Firearms ‘factory’ busted in Ukhiya
Rapid Action Battalion claimed to have busted an arms-making factory in a hilly area of Cox's Bazar's Ukhiya upazila early yesterday and arrested three Rohingyas supplying firearms to the Rohingya criminals.
Ten local firearms and a huge quantity of arms-making equipment were seized during a drive in the area adjacent to extension-4 of Kutupalong Rohingya camp, said Lt Col Khairul Islam, commanding officer of Rab-15.
Of the arrestees, Baitullah, 19, and his brother Habibullah, 32, are residents of Block-C of Kutupalong Rohingya camp while Mohammad Hachhun, 24, is a resident of Block-G, he said.
"We had intelligence that a gang runs an arms-making factory in the area and supplies firearms to the Rohingya criminals," said the Rab official.
Based on the information, a team of Rab-15 raided the area.

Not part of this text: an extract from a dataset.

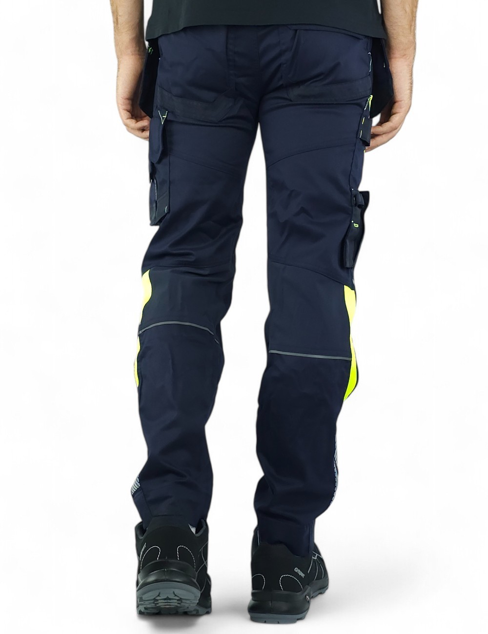 Dassy Shanghai work trousers with pocket bags from the Dassy Logix collection are a solid and interesting item in the wardrobe of every fan of workwear. Made of high-quality materials and designed in a modern style and colors, they are not only comfortable but also eye-catching! The 2-way stretch main fabric stretches nicely when worn, while 4-way stretch inserts in the crotch, back, knees and waist allow for freedom of movement while you work. The colors of the pants from the Logix collection are a real eye-catcher. Warning colors and reflective inserts improve safety, and the dark main color makes it easier to keep the pants clean. Dassy Shanghai work trousers have been sewn in a slim fit cut, they fit well but do not restrict movement even for users with wide thighs. A large number of practical pockets will keep all the necessary tools and equipment always within reach. Ruler pockets, knife pockets and a zipped side pocket allow you to safely store valuables such as keys or a mobile phone. The pants are equipped with pockets for inserts (knee pads). As standard, Dassy pants can be extended by 5 cm by undoing one thread on the leg finish.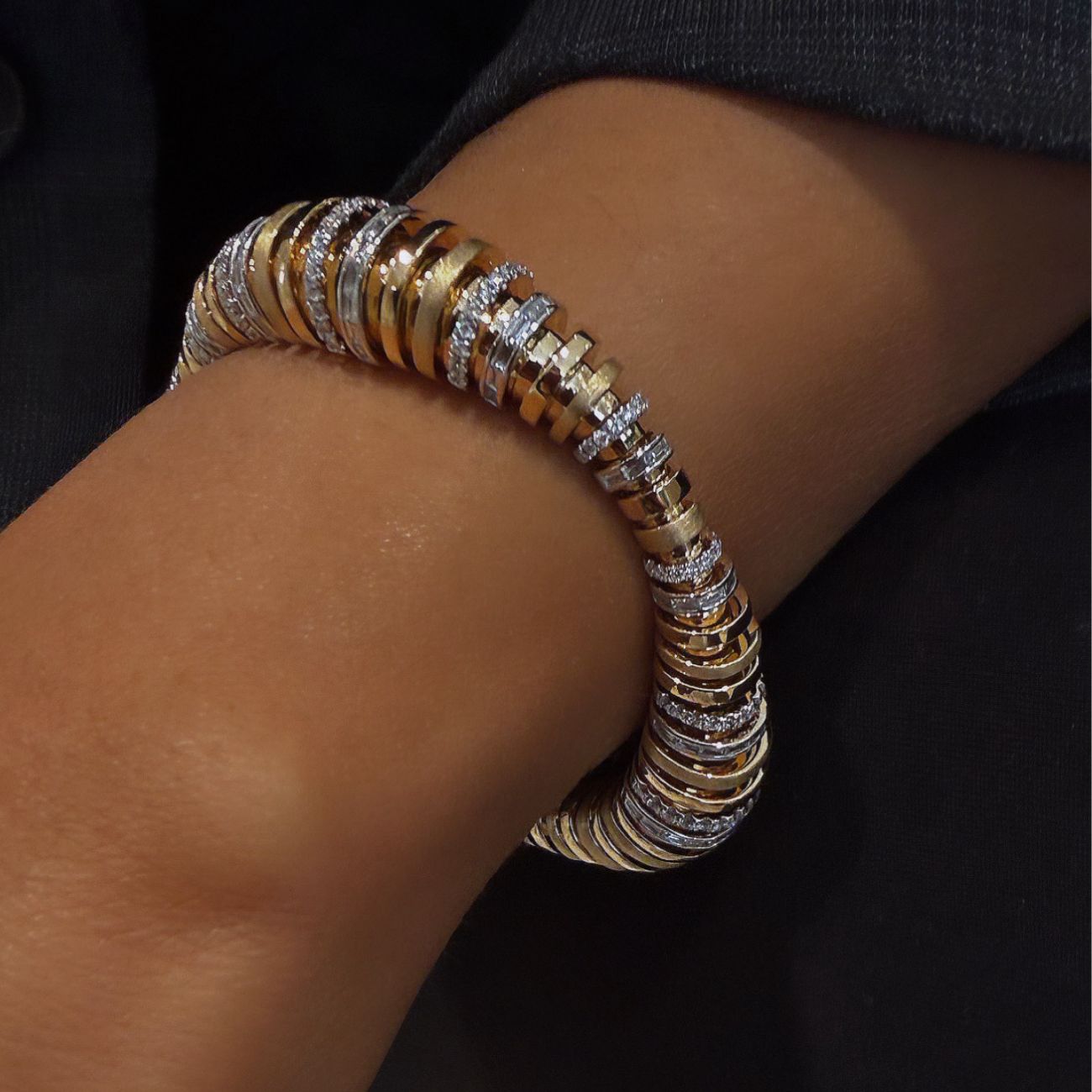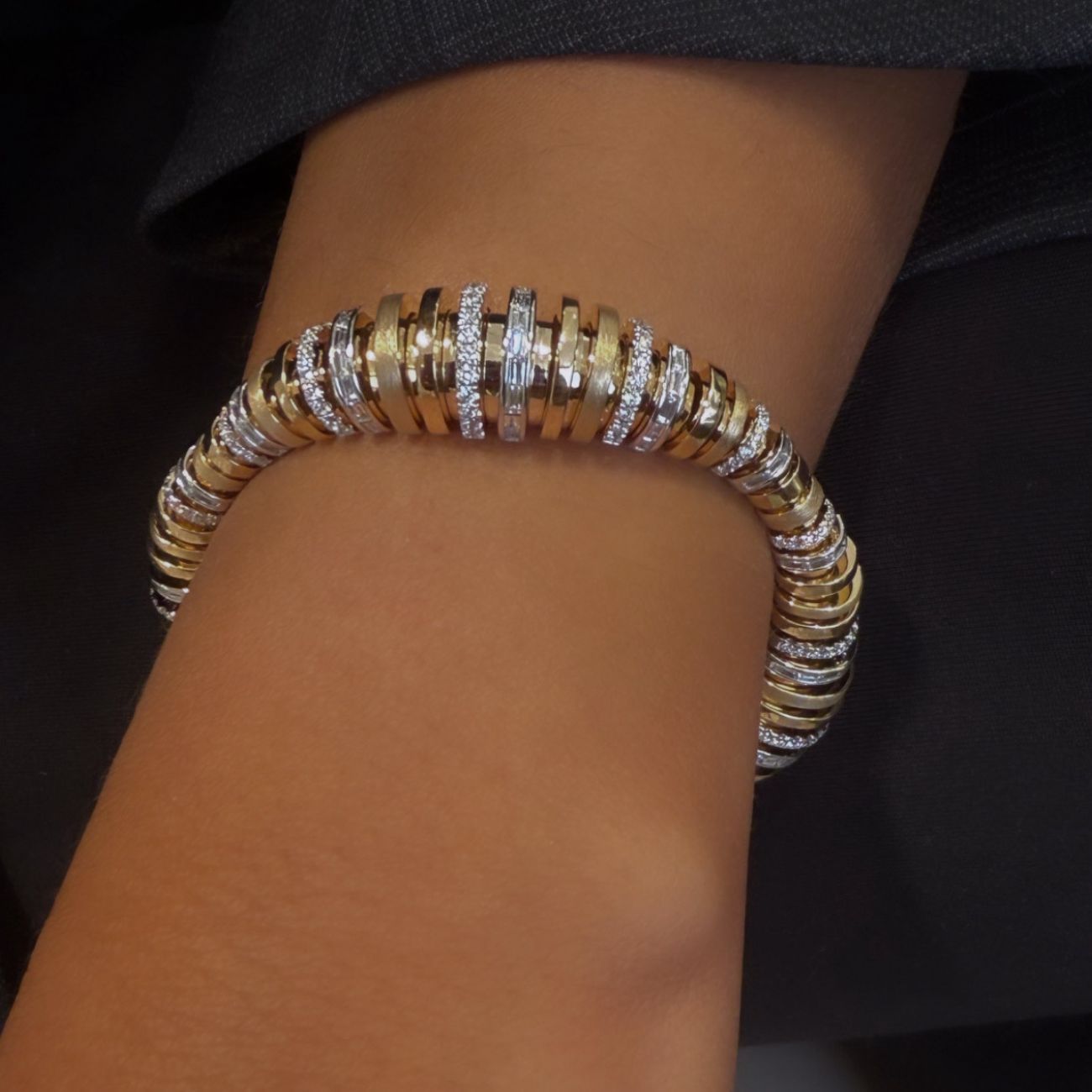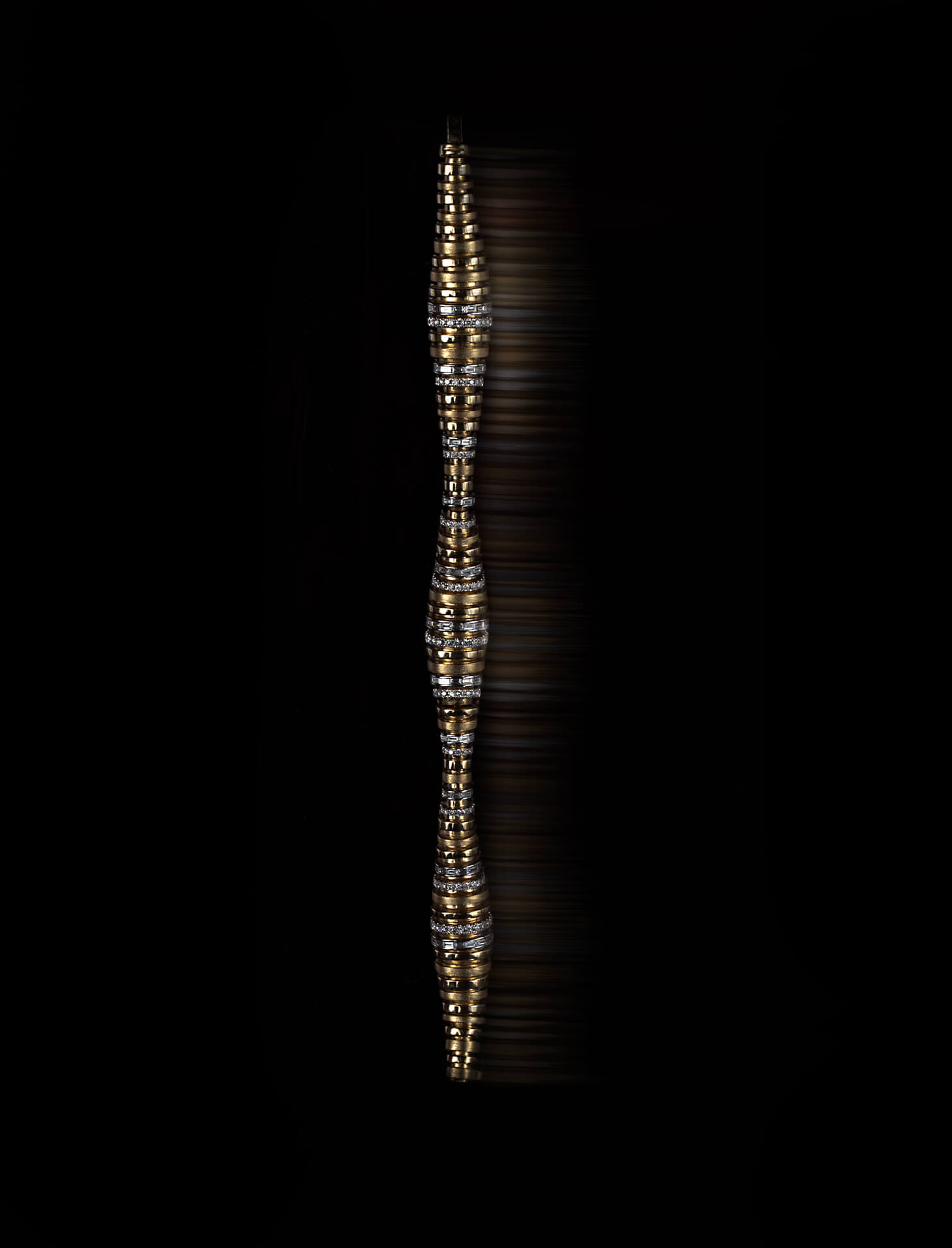 Une source d’inspiration pour le bracelet TOURBILLON. Une pièce sculptée comme un mouvement, à la fois architecturale et d’une fluidité hypnotique. Une ligne de haute joaillerie géométrique façonnée par d’élégantes courbes, mêlant l’éclat de l’or, la pureté des diamants et la précision des sertissages baguette.

Sensing its presence, the criminals opened fire, forcing the Rab members to retaliate, the official claimed.
After a four-hour "gunfight", the Rab team managed to take over the factory, the Rab official said, adding that they then arrested the three from the spot while the others managed to flee.
The official said they were interrogating the arrestees and looking for other criminals and arms factories inside Rohingya camps or in the area.
Meanwhile, in reply to a query at a press briefing at Rab media centre in the capital, Commander Khandaker Al Moin, legal and media wing director of the force, said they would continue the drive to curb crimes in the Rohingya camps.
On October 22, six people were killed and over a dozen injured in a gun attack in Ukhiya's Balukhali camp.
The attack took place 23 days after Muhibullah, former chairman of Arakan Rohingya Society for Peace and Human Rights, also an avowed supporter of the repatriation of the Rohingyas to Myanmar, was assassinated at his office in Ukhiya's Kutupalong camp.
Following the incident, Bangladesh expressed concern over the increased crimes and unrest in the Rohingya camps as tensions between criminal groups are active across 34 refugee camps in Ukhiya and Teknaf.
According to officials of different law enforcement agencies, at least 10 Rohingya groups are involved in at least 12 types of crimes, including killing, abduction, rape, drug trafficking and robbery.
Since August 2017, at least 226 Rohingyas have been killed and some 1,298 cases filed accusing 2,850 individuals, mostly in connection with possession of drugs and firearms.